Work order
Could you output, word for word, only the lines from the line with "Don't forget to" to the end of the entries, including both ends? Omit the pictures.

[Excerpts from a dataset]
++++++++++++++++++++
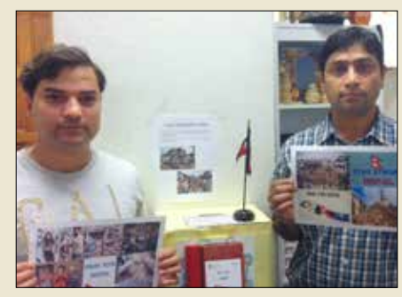
FROM ONE COMMUNITY TO ANOTHER: Rice Nepalese students and scholars contributed to a book with thoughts of support and love for Nepal.

Partnering with Rice's Office of International Students and Scholars (OISS), the Nepalese students and scholars created a book so that the Rice community could write thoughts of support and love for the people of Nepal.
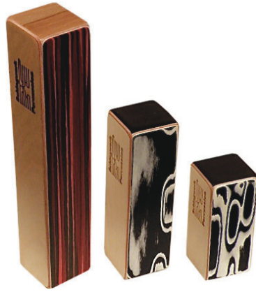
PESW100 wooden, large PESW101 wooden, medium PESW102 wooden, small
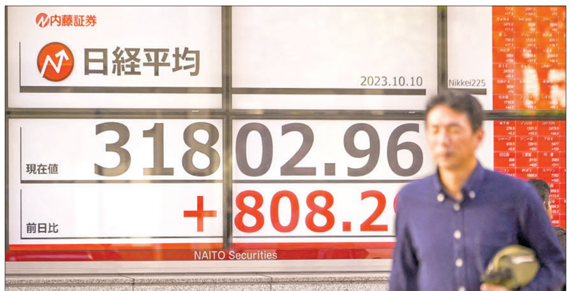
A man walks in front of an electronic board showing numbers of the Tokyo Stock Exchange along a street in Tokyo on 10 October 2023.

tensions, traders have enjoyed a positive start to the week, helped by Friday's forecast-busting US jobs report that also showed wage gains slowing—a so-called “Goldilocks” scenario in which the data was neither too weak nor too strong. The upbeat mood was boosted Monday after Fed Vice-Chair Philip Jefferson said the recent spike in US Treasury yields to multi-year highs could provide the necessary restraint on credit that would be achieved by higher interest rates. — AFP
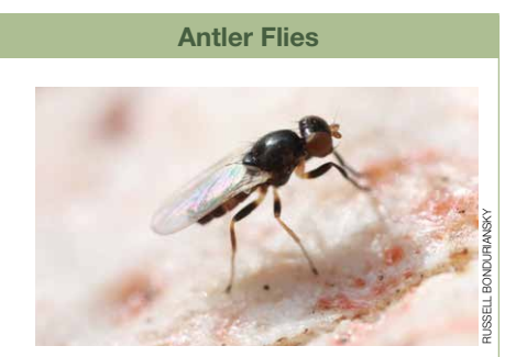
Antler Flies prefer fresh antlers.

The story of the Antler Fly is far from over. They have only been known for a few decades: we have learned a lot from them, but there's much more to discover. No one can say what scientific insights they still may provide us. The flies themselves have no time to wonder. They still have the same goal they always had—do whatever it takes to find a mate! So, the next time you come across a discarded antler, take a closer look and watch the Antler Flies' tiny world of love and war unfold.
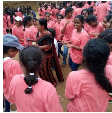
Boys and girls enjoying Children's Day wearing the T-shirts Brighter Path sponsored
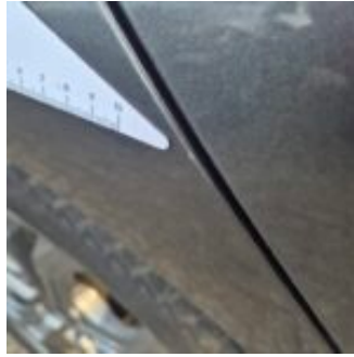
Damage Type Stonechipping
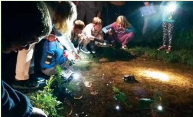
A glow worm hunt

search for glow worms, then to Chantry park to climb a cedar tree and to the river in town to ogle at gooseberry and moon jellyfish.
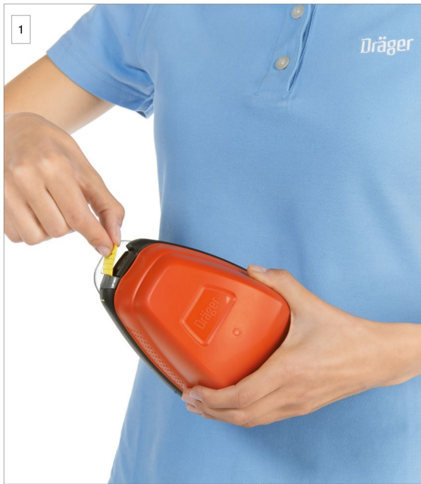
1 Grab the tab and pull.
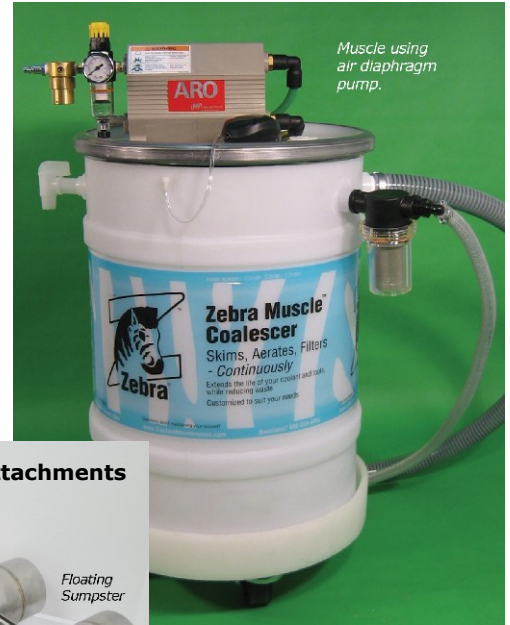
Muscle using air diaphragm pump.
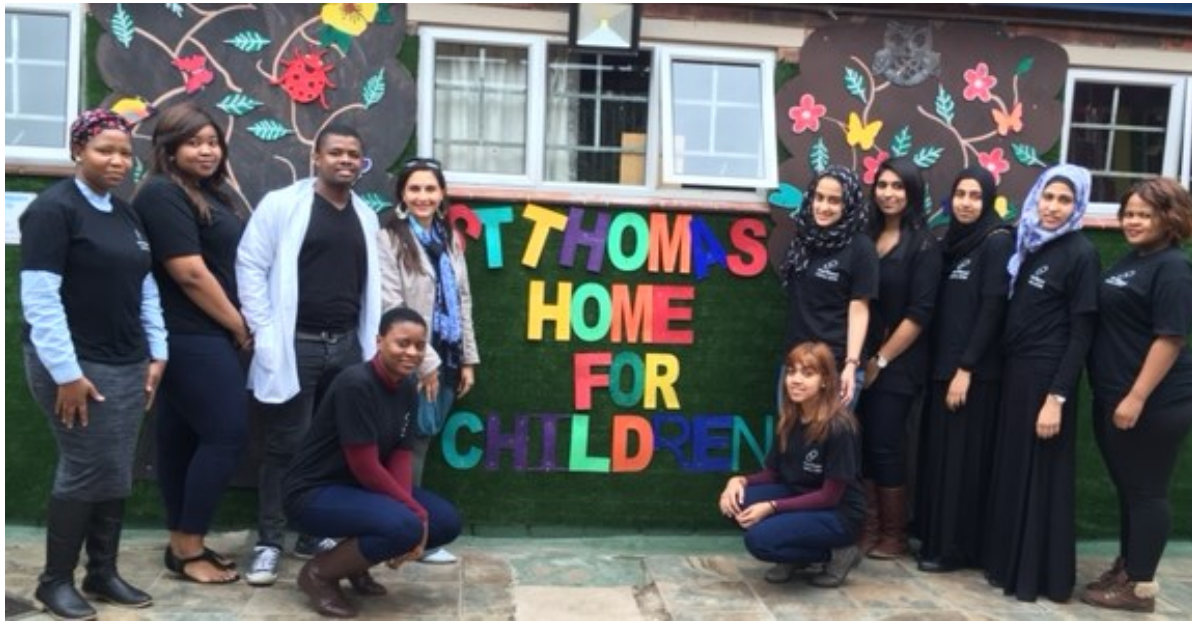
Pharmacy Week.....Page 02
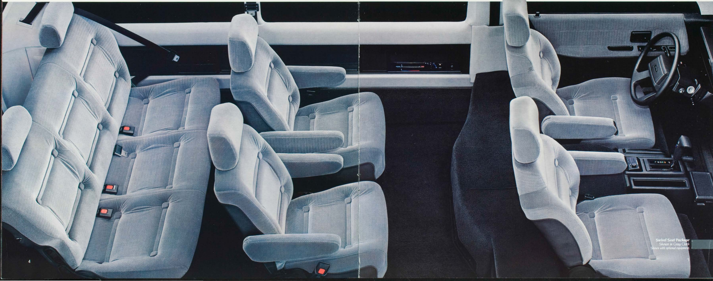
Swivel Seat Package Shown in Gray Cloth Shown with optional equipment.

a cooler ice maker to the optional dual air conditioner for traveling convenience. A spacious place with all the comfort features you'll need to take a first-class voyage. That's the Passenger Van.
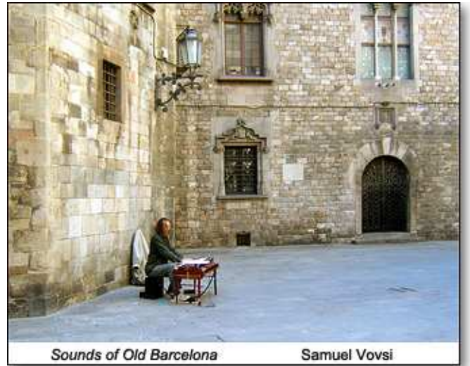
Sounds of Old Barcelona
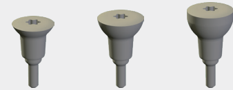
Z5s-G10, Z5s-G20, Z5s-G30
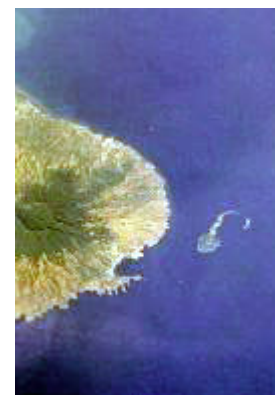
Space Shuttle photo STS045-152-274 taken in March 1992

Located at 14.5N, 120.5 E, this 1,288 high mountain is a stratovolcano with no historic activity. A single carbon-14 date from a volcanic sample yielded a date of 2050 BC. Bordering Mariveles is the Manila Bay and the famous Corregidor Island. From Tarak Ridge, you will have a 270 degrees viewpoint of interesting places such as Corregidor Island, Mt. Samat, Mariveles Ridgeline and the town of Mariveles and its port.
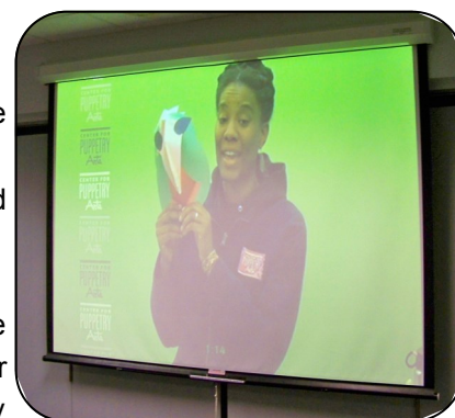
An instructor explains masks to 3rd graders.

These curricular excursions include aligned supplemental resources to encourage deeper investigation and hands-on activities to bridge learning with psychomotor skills. Our students will continue to experience new worlds with endless opportunity as we transport them to places around the globe with this exciting technology.
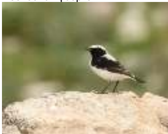
Finch's Wheatear, Phinikas, 25 th December.

Agia Varvara 1 m 20 & 25-Dec CR Agios Sozomenos 3 2m and 1f 2-Dec JS Agios Sozomenos 1 m 9-Dec FGe Agios Sozomenos 2 males 30-Dec FGe Anarita Park 1 m 25-Dec CR
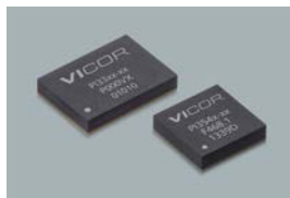
ZVS buck regulators

Inputs: 12V (8 – 18V), 24V (8 – 42V), 48V (30 – 60V)
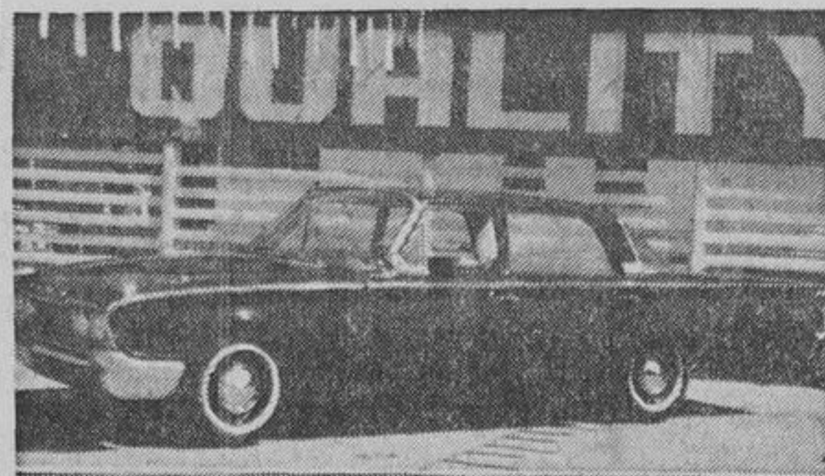
1960 FORD FAIRLANE SEDAN

LOOK AT THE SMALL DIFFERENCE YOU PAY FOR A GUARANTEED QUALITY USED CAR
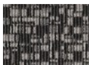
957 Metro Quickship Available
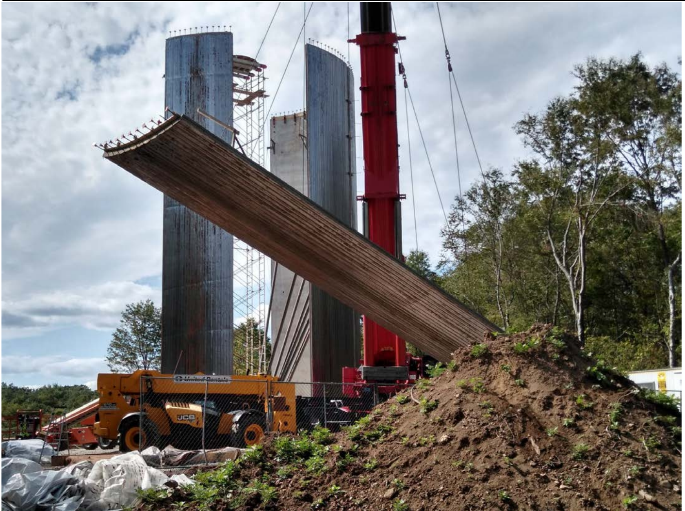
Picture 19: Beginning to lift sixth tank wall panel. Shared access driveway, Middletown; view to the west.
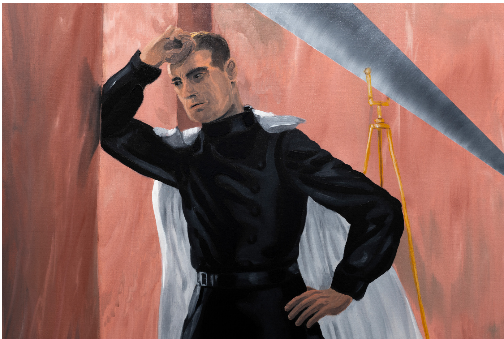
Excelsior , 2020 [detail]
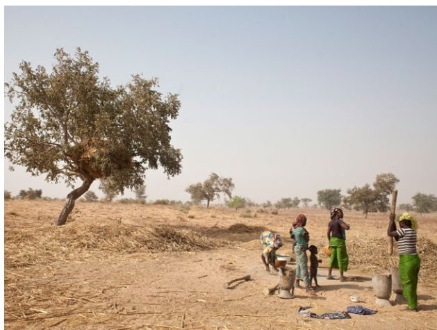
Figure 3: Women grinding and millet seeds in Niger.

Enhancing access to justice and strengthening multiple disputes resolution mechanisms that may co-exist on the ground can mitigate land-related conflicts and address some of the causes of land degradation. These include the lack of investment in sustainable land-use practices, the reluctance to invest in land restoration and land degradation neutrality actions, and the cutting of trees.
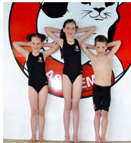
Some top models showing off their SSA bathers.

Don't forget to visit us on the web at www.ssacademy.com.au for all the up to date information and news
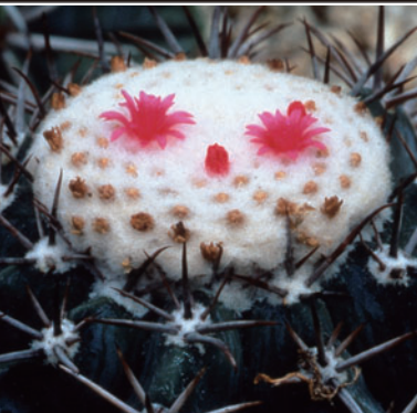
Melocactus A member of cacti and native plant in Mexico-Brazil. Flowers in April-May.
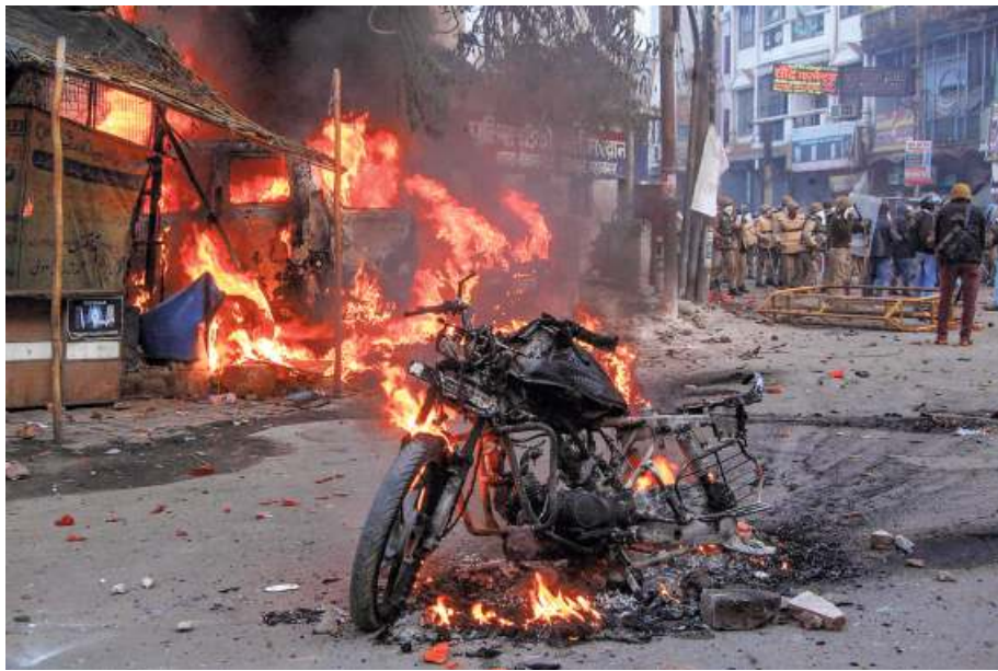
Fiery agitation: A vehicle allegedly torched by protesters during a demonstration against the Citizenship (Amendment) Act in Kanpur on Saturday.
++++++++++++++++++++
The completed task
Don't forget to visit us on the web at www.ssacademy.com.au for all the up to date information and news
Melocactus A member of cacti and native plant in Mexico-Brazil. Flowers in April-May.
Fiery agitation: A vehicle allegedly torched by protesters during a demonstration against the Citizenship (Amendment) Act in Kanpur on Saturday.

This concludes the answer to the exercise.